Additional workers marginally slower

I’m attempting to run millions of embarrassingly parallel arima forecasting models and using dask distributed to help. (Using a custom selection process than AutoArima.)

Dask, of course, is simple to get this going, but, oddly, what seems to be occurring is an inflection point of efficiency when the number of single threaded workers equal half of the CPU cores. For example, on a 14 core machine, four workers is only 2x faster than the sequential single process, and eight workers is only 3x faster than the sequential single process.

The arima modeling package is compiled with numba, and I’m thinking there is some hidden parallelism in itself that could explain the marginal slowness. The computer’s resource monitor doesn’t seem to indicate being at CPU capacity when the inflection occurs.

Below is a reproducible example that should display that doubling the num_workers does not double the performance. I would appreciate any tips to address the bottleneck or any explanation of what is occurring.

import itertools
import os
from time import time
import warnings

import dask
from dask.distributed import Client
# import pandas as pd

from statsforecast.utils import generate_series
from statsforecast.models import ARIMA

os.environ['NIXTLA_NUMBA_CACHE'] = '1'

num_workers = 4
threads_per_worker = 1
num_data_sets = 10

def model_arima(y_df, all_arima_params):
    # Static model settings
    season = 4
    horizon_validate = 5
    horizon_forecast = 20

    y_trimmed = y_df.iloc[:-5]['y'].values
    all_y = y_df['y'].values

    collect_fit_models = []
    for order, seasonal in all_arima_params:
        arima = ARIMA(order=order,

        fit =
        validate = arima.forecast(y=y_trimmed, h=horizon_validate, level=[80], fitted=True)
        forecast = arima.forecast(y=all_y, h=horizon_forecast, level=[80], fitted=False)

        collect_fit_models.append((fit.model_, validate, forecast))

    return collect_fit_models

if __name__ == '__main__':
    # Start dask workers
    client = Client(n_workers=num_workers, threads_per_worker=threads_per_worker)

    # Generate data
    data_sets = generate_series(n_series=num_data_sets, seed=1, freq='QS', min_length=50, max_length=170)
    # models

    # Define parameter ranges
    ar_p = [0, 1, 2]  # , 3, 4]
    i_d = [0, 1, 2]
    ma_q = [0, 1, 2, 3, 4]
    sar_p = [0]  # ,1]
    si_d = [0]  # ,1]
    sma_q = [0]  # ,1]

    all_arima_params = [((p, d, q), (sp, sd, sq)) for (p, d, q, sp, sd, sq) in
                        itertools.product(ar_p, i_d, ma_q, sar_p, si_d, sma_q)]
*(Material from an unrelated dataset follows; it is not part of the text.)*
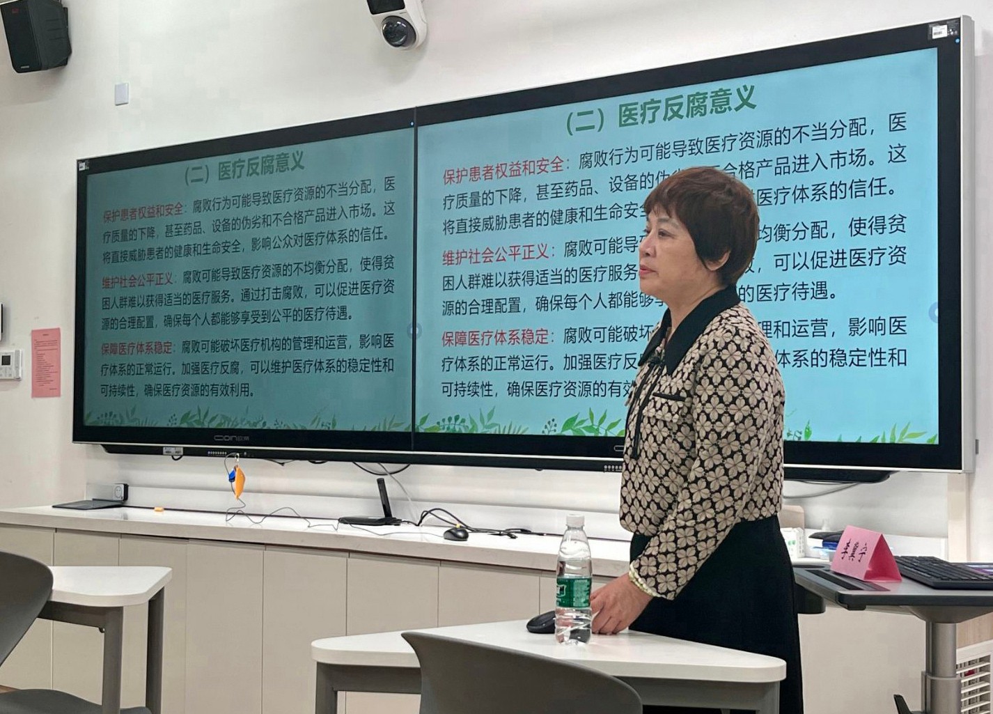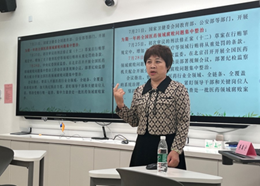 李教授主要从医疗反腐的背景和意义、我国医疗反腐历程及域外医疗反腐简介、医疗反腐防腐与反思三大部分进行讲授。首先,她结合实际案例认真剖析了医疗腐败的常见情形、积极意义,全面阐述了我国医疗反腐目前的形势、相关法律法规以及所取得的成效。其次,她对我国医疗反腐历程及域外医疗反腐史进行了比较系统的梳理。她以美国和日本为例展开叙述,指出医疗腐败是一个全球性问题,任何国家都不敢宣称完全没有医疗腐败问题。最后,她认为,医疗反腐既要“疾风之力”更要久久为功。一是完善相关法律法规、建立医药代表约束机制、优化医药分家等制度;二是加强行业自律、规范行业行为,强化各级医药医务人员慎独慎众的理念教育。

    num_models = num_data_sets * len(all_arima_params)
    print(f"Models to calc {num_models}")

    # Create list of delayed tasks for workers
    compute_list = []
    for _, data_set in data_sets.groupby('unique_id'):
        compute_list.append(dask.delayed(model_arima)(data_set, all_arima_params))
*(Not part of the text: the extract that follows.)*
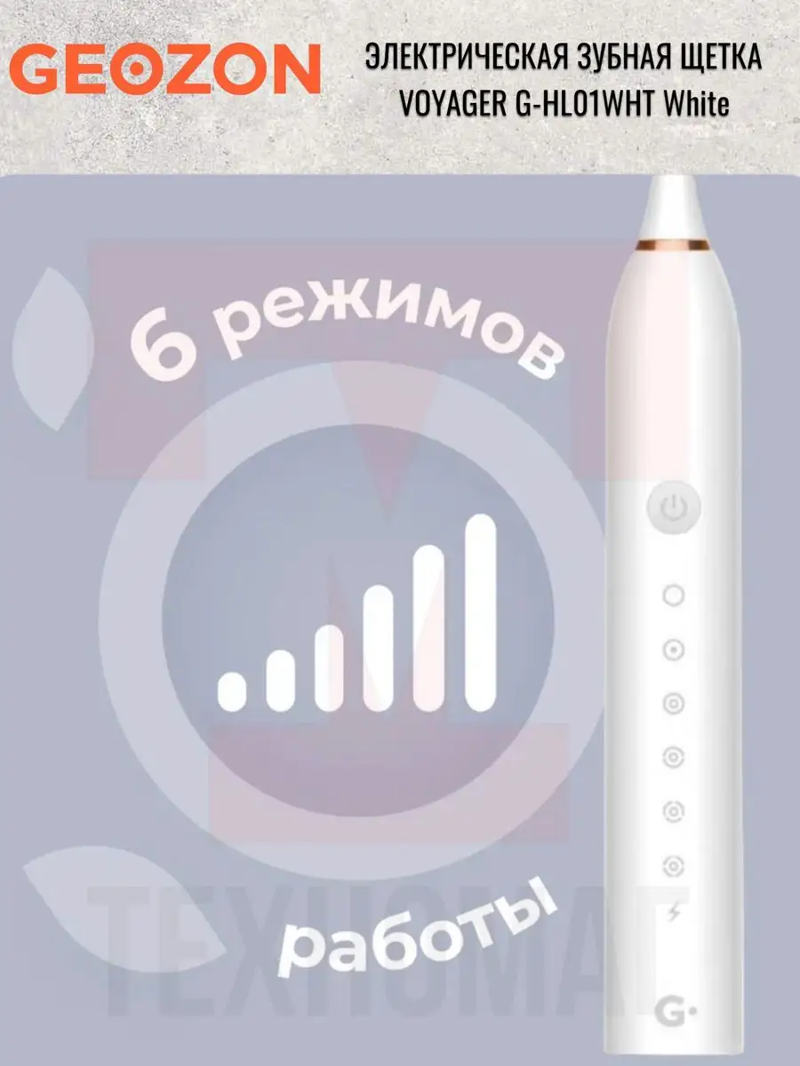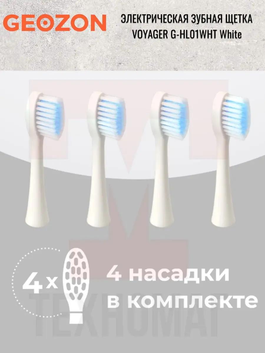 | Подробная комплектация | Электрическая зубная щетка GEOZON VOYAGER, Сменные насадки (4 шт), Зарядный кабель, Инструкция пользователя |

    # Use dask to compute models
    print("Starting arima modeling")
    st = time()
    out = dask.compute(compute_list)
    duration = time() - st
    print(f"Modeling duration seconds {duration}")

    # More would occur from here....

Hi @ryan, welcome to Dask Discourse forum!

I really don’t know about Arima, and unfortunately I ran into msgpack problems when trying to run your example.

What I would do to better understand what is going on is:

  • Monitor and profile a sequential execution, how the CPU usage and other resources look like?
  • Try to run the simulations with a single Worker process, what overhead does Dask introduce?
  • Try to run two or more batches of simulations in parallel outside of Dask.

Dask is simple and does introduce overhead, depending also on your tasks metrics: typically, how long is one simulation lasting? If it is more than a few seconds, and if each simulation was single threaded, then you should see an almost linear scaling by increasing the Worker number. Are the simulations purely limited by CPU? Do they perform IOs?

I may have got the same msgpack error too, but downgrading to python 3.10 resolved it. Not sure what the true problem is with msgpack, but I believe that to be unrelated to my situation. Indeed an environment.yml would make this more reproducible and I can provide if requested.

I can’t say I fully understand arima either (just the engineer implementing the data scientist code), but I do know the numba part is doing matrix math. Each delayed task is 600 loops and each loop is about 80-500 milliseconds (CPU speed will vary results) depending on the arima parameter.

My hunch is that it is not Dask slowing things down, but something else and that bothers me that I don’t have an explanation. Appreciate you taking the time and offering suggesting of what to look into.